- What you have to do
This exercise calls for retyping every line below exactly, with the images omitted.
(Beginning of Supplied data)
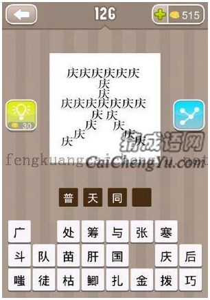 很多庆字,组成一个天字的答案是什么成语2020-11-18 20:28:19 阅读 140 次 评论 0 条摘要:很多庆字,组成一个天字,猜一个成语答案是什么? 答案:普天同庆 【释义】普:普遍;天:天下;庆:庆... 很多庆字,组成一个天字,猜一个成语答案是什么? 答案:普天同庆 【释义】普:普遍;天:天下;庆:庆贺。普天下共同庆祝。天下的人或全国的人共同庆祝。【近义】额手称庆拍手称快【反义】哀鸿遍野怨声载道【示例】大街上搭起几坐彩坊,中间还有四个字道:“普天同庆”,据说这算是过年。本文地址:https://www.suduxx.com/ktccy/MY163jh.html版权声明:本文收录于网络,如有侵权请E-mail联系 www.suduxx.com 站长! 点赞 1分享:PREVIOUS:一只鱼,一双眼睛,一个人头晕,一只猪的答案是什么成语NEXT:很多兵字,组成两个字,草,木的答案是什么成语文章导航
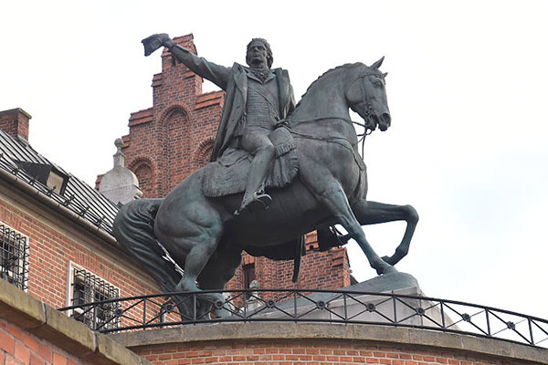 塔德烏什·科希丘什科 (Tadeusz Kościuszko ,1746~1817年) 為波蘭民族英雄,當波蘭被俄羅斯、匈牙利和普魯士瓜分的時候他于1794年領導了克拉科夫的廣場起義。現在他就安葬在雕像背後的瓦維爾主教座堂的地下。柯斯丘什科也是參加過美國獨立戰爭的英雄,是大陸軍的上校,就在華盛頓的白宮對面也矗立著柯斯丘什科的銅像。
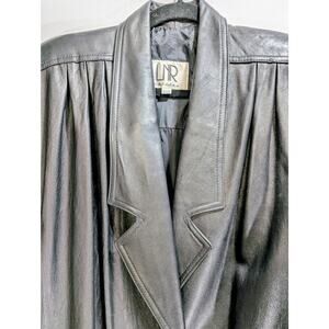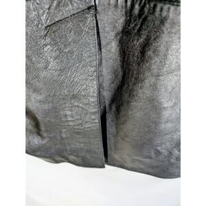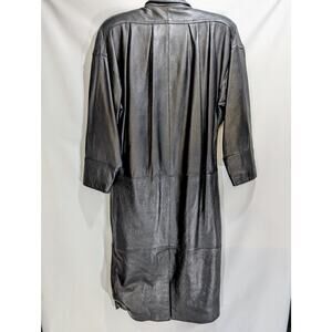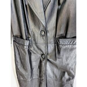 Vintage LNR Petites Genuine Leather Long Coat Black Shoulder Pads Back Vent PM
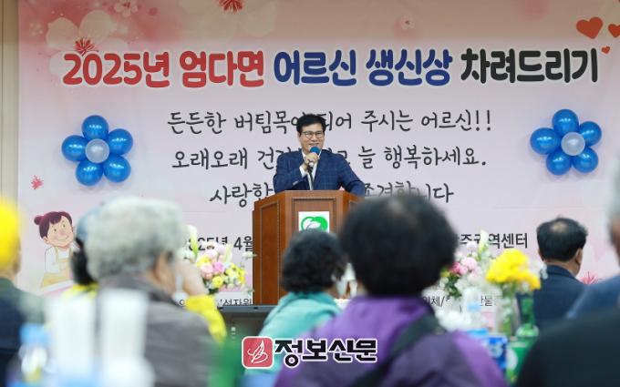 엄다면 자원봉사회는 엄다면 독거 어르신 100여 분을 초청해 정성껏 준비한 음식을 대접하며 생신을 축하했다. 또한 기관·사회단체장들은 축하 영상 메시지로 어르신들의 건강과 안녕을 기원했고, 엄다초등학생들은 생일 축하 노래를 영상으로 전달해 따뜻한 분위기를 더했다.
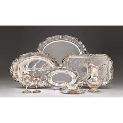 Comprising seven bread trays, three sandwich plates, two oval serving trays, a well-and-tree serving platter, sauce boat, chafing dish, water pitcher and six goblets, each marked to underside.
(End of Supplied data)
- Task response
 很多庆字,组成一个天字的答案是什么成语2020-11-18 20:28:19 阅读 140 次 评论 0 条摘要:很多庆字,组成一个天字,猜一个成语答案是什么? 答案:普天同庆 【释义】普:普遍;天:天下;庆:庆... 很多庆字,组成一个天字,猜一个成语答案是什么? 答案:普天同庆 【释义】普:普遍;天:天下;庆:庆贺。普天下共同庆祝。天下的人或全国的人共同庆祝。【近义】额手称庆拍手称快【反义】哀鸿遍野怨声载道【示例】大街上搭起几坐彩坊,中间还有四个字道:“普天同庆”,据说这算是过年。本文地址:https://www.suduxx.com/ktccy/MY163jh.html版权声明:本文收录于网络,如有侵权请E-mail联系 www.suduxx.com 站长! 点赞 1分享:PREVIOUS:一只鱼,一双眼睛,一个人头晕,一只猪的答案是什么成语NEXT:很多兵字,组成两个字,草,木的答案是什么成语文章导航
 塔德烏什·科希丘什科 (Tadeusz Kościuszko ,1746~1817年) 為波蘭民族英雄,當波蘭被俄羅斯、匈牙利和普魯士瓜分的時候他于1794年領導了克拉科夫的廣場起義。現在他就安葬在雕像背後的瓦維爾主教座堂的地下。柯斯丘什科也是參加過美國獨立戰爭的英雄,是大陸軍的上校,就在華盛頓的白宮對面也矗立著柯斯丘什科的銅像。
 Vintage LNR Petites Genuine Leather Long Coat Black Shoulder Pads Back Vent PM
 엄다면 자원봉사회는 엄다면 독거 어르신 100여 분을 초청해 정성껏 준비한 음식을 대접하며 생신을 축하했다. 또한 기관·사회단체장들은 축하 영상 메시지로 어르신들의 건강과 안녕을 기원했고, 엄다초등학생들은 생일 축하 노래를 영상으로 전달해 따뜻한 분위기를 더했다.
 Comprising seven bread trays, three sandwich plates, two oval serving trays, a well-and-tree serving platter, sauce boat, chafing dish, water pitcher and six goblets, each marked to underside.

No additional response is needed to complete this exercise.